A couple of days ago Jeff Stedfast ran into some problems with gcc 4.4, strict aliasing and optimizations. Being a geeky sort of person, I found the problem really interesting, not only because it shows just how hard it is to write a good, clear standard, even when you're dealing with highly technical (and supposedly unambiguous) language, but also because I never did "get" the aliasing rules, so it was a nice excuse to read up on the subject.
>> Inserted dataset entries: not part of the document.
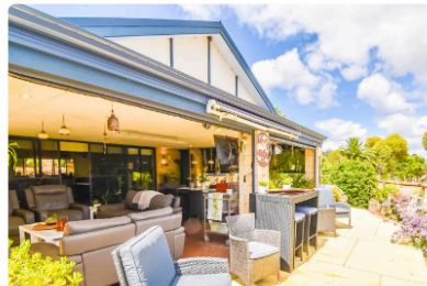
25 Democrat Close, Kangaroo Gully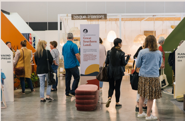
Pictured : The Neighbourhood, Great Southern Land - Sydney 2021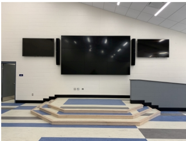
2019.06.14 – Multi-purpose room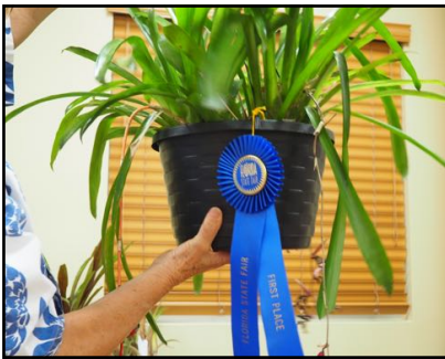
Verna's State Fair prize-winning Ae. Weibachii pendula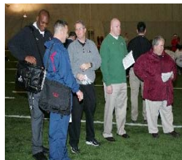
Numerous college coaches attended last year's camp. Hundreds more inquired about the top performers!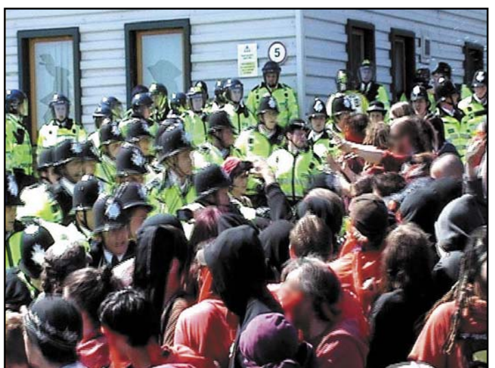
Protesters within the gates of EDO/ITT's Brighton premises

brutality we were able to show the massive disgust that exists at those who profit from death and misery. lent but anything that happened today pales in comparison to the damage inflicted by EDOs products in Iraq, Palestine, Afghanistan and Somalia. Congratulations to all who took part for their action and initiative and strength in refusing to be intimidated by the police aggression."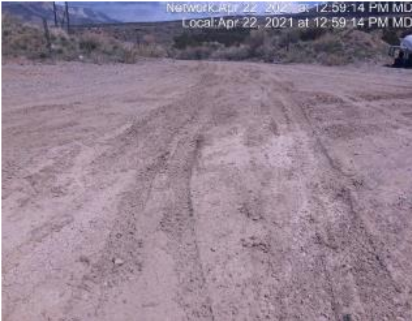
Photo #3588 from inspection #699802967 conducted on 4/22/21.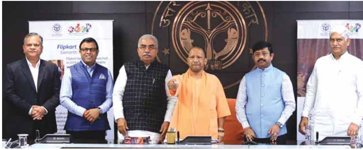
Chief Minister Yogi Adityanath on Friday virtually inaugurating Flipkart's warehouses in Unnao and Varanasi

Virtually inaugurates Flipkart's warehouses in Unnao, Varanasi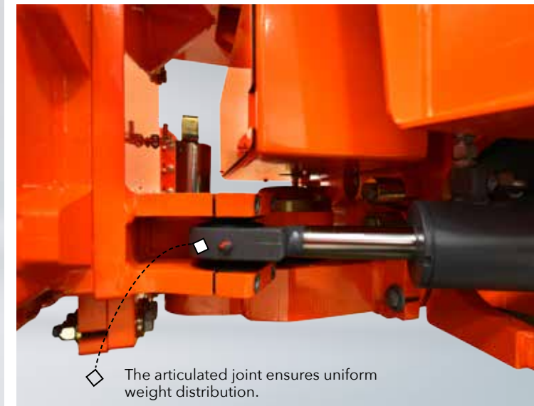
The articulated joint ensures uniform weight distribution.

The HAMM 3-point articulation is the key to an exceptionally favourable weight distribution, enormous driving stability and supreme traction.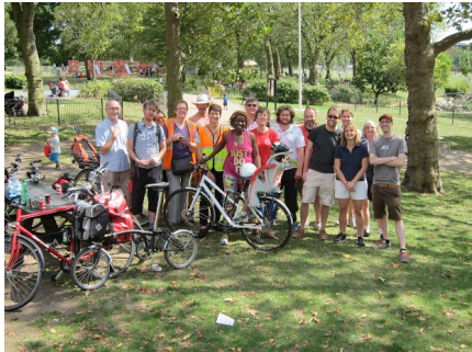
22 August, Cycle the Quietway Ride

Rides like this are a great way of meeting people and telling them about our campaigns. It would be good if we could organise a few more but to do so we need extra people to assist with the marshalling.

Basically, the standard says that you can't do this:

int a = 0x12345678;
short *b = (short *)&a;

I'm forcing a cast here, and since the types are not compatible, they can't be "alias" of each other, and therefore I'm breaking strict-aliasing rules. Note that if you compile this with -O2 -Wall, it will *not* warn you that you're breaking the rules, even though -O2 activates -fstrict-aliasing and -Wall is supposed to complain about everything (right??). Apparently, this is by design, though why would anyone not want warnings in -Wall for something that will obviously break code is beyond me. If you want to be told that you're not playing by the rules, make sure you build with -Wstrict-aliasing=2, which will say:

line 2 - warning: dereferencing type-punned pointer will break strict-aliasing rules

So now you know you're being naughty. Of course, if you did try to access the variable, even just with -Wall it will complain at you - this more complete snippet will give you several warnings with -Wall:

int a = 0x12345678;
short *b = (short *)&a;
b[1] = 0;
if (a == 0x12345678)
  printf ("error\n");
else
  printf ("good\n");

line 3 - warning: dereferencing pointer ‘({anonymous})’ does break strict-aliasing rules

The problem gets ugly when you're dealing with structs and pointers to them - then -Wall is completely silent about possible issues, and only -Wstrict-aliasing=2 will work, like in this little snippet:

typedef struct type {
  struct type *next;
  int val;
} Type;

...

Type *t1, *t2, *t3;
t1 = t2 = NULL;
t1 = (Type*) &t2;
int i;
for (i = 0; i < 2; i++) {
  t3 = malloc (sizeof (Type));
  t1->next = t3;
  t1 = t3;
}
if (!t2)
  printf ("error\n");
else
  printf ("good\n");

This doesn't emit any warnings on -Wall because the loop makes it slightly fuzzy for gcc to tell whether things are getting assigned or not. -O2 will optimize away the assignment to t1 on line 3, which will make things not work later on.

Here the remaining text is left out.